According to this article, the Harrison Public Library is cold and heartless.
They charged the daughter of a recently deceased woman the $0.50 fine upon the (late) return of the book her mother had checked out at the time of her death.
The appropriate higher-ups are included in the article as saying that they have no comment.
I'm not really concerned about who's in the right or who's in the wrong in the situation. I mean, I have opinions, but that's not the point of the post.
If you're a library in a similar situation and a reporter comes knocking at your door to talk about this situation, you need to deal with it. You need to take responsibility for what happened and you need to make the readers of that newspaper see you as sympathetic people who made a mistake.
You need to have already contacted the person who feels wronged and expressed how sorry you are. You need to know what she needs from you to feel better and you need to do it. You need to back up those words of remorse with actions.
When the newspaper contacts you, you need to have the person in charge of spinning your message seem contrite for being unresponsive to the woman's needs. You need to have disciplined the person who upset the woman.
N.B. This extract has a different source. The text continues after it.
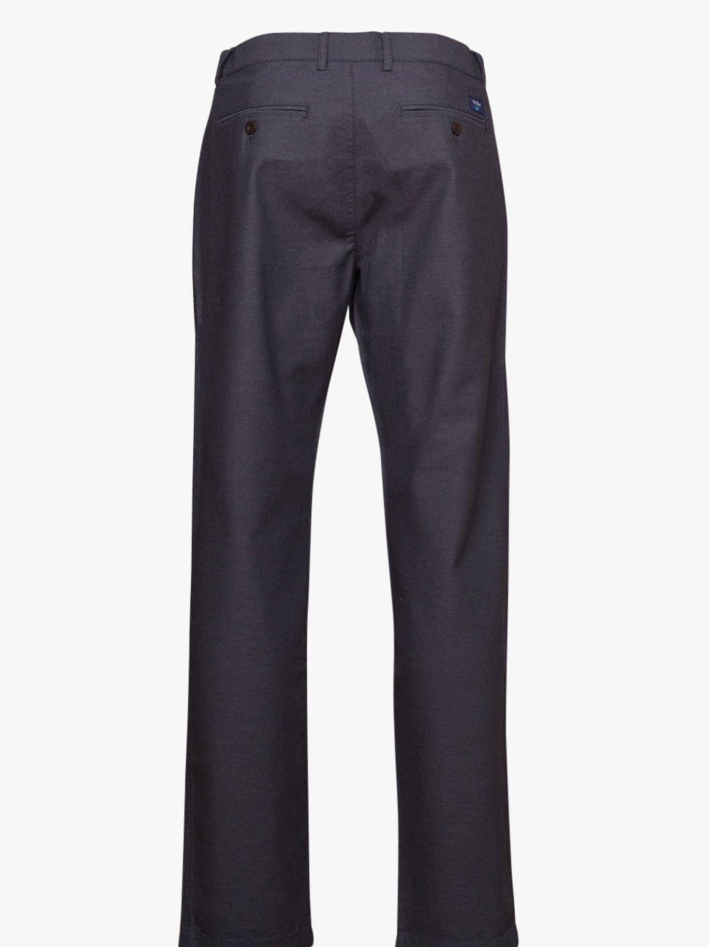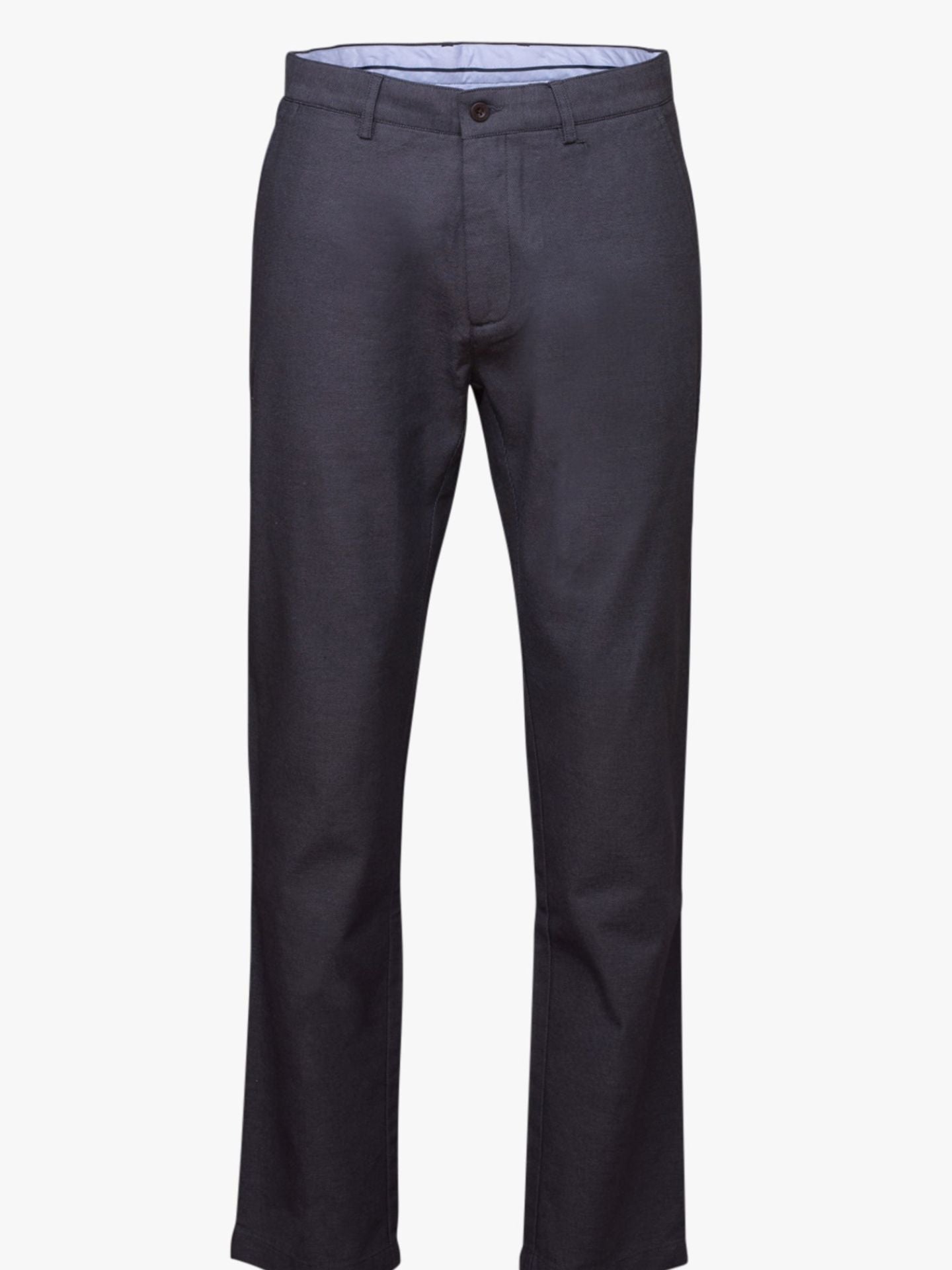 Calças Chino com com estrutura pintas. Carcela com fecho de correr oculto, 2 bolsos laterais, 2 bolsos de ilhós abotoado na parte posterior e presilhas para o cinto. Muito confortável e versátil. É a escolha ideal para um dia de trabalho ou para o fim de

You need to express how sorry you are at what happened.
You need not only to care, but you also need the people reading the article to believe that you care.
People who have never been to the Harris Public Library--people who don't have a picture of the library--now think that the staff there is rude and unfeeling. It doesn't matter how true the story is or isn't. The reporter has already painted them as a library with a cold, uncaring, unsympathetic staff.
And that message is a powerful motivation not to visit the Harrison Public Library. It doesn't matter how much information they have or how many services. It doesn't matter what kind of programs they put on or if their catalog is shiny. Because they didn't handle this crisis very well, they will lose users.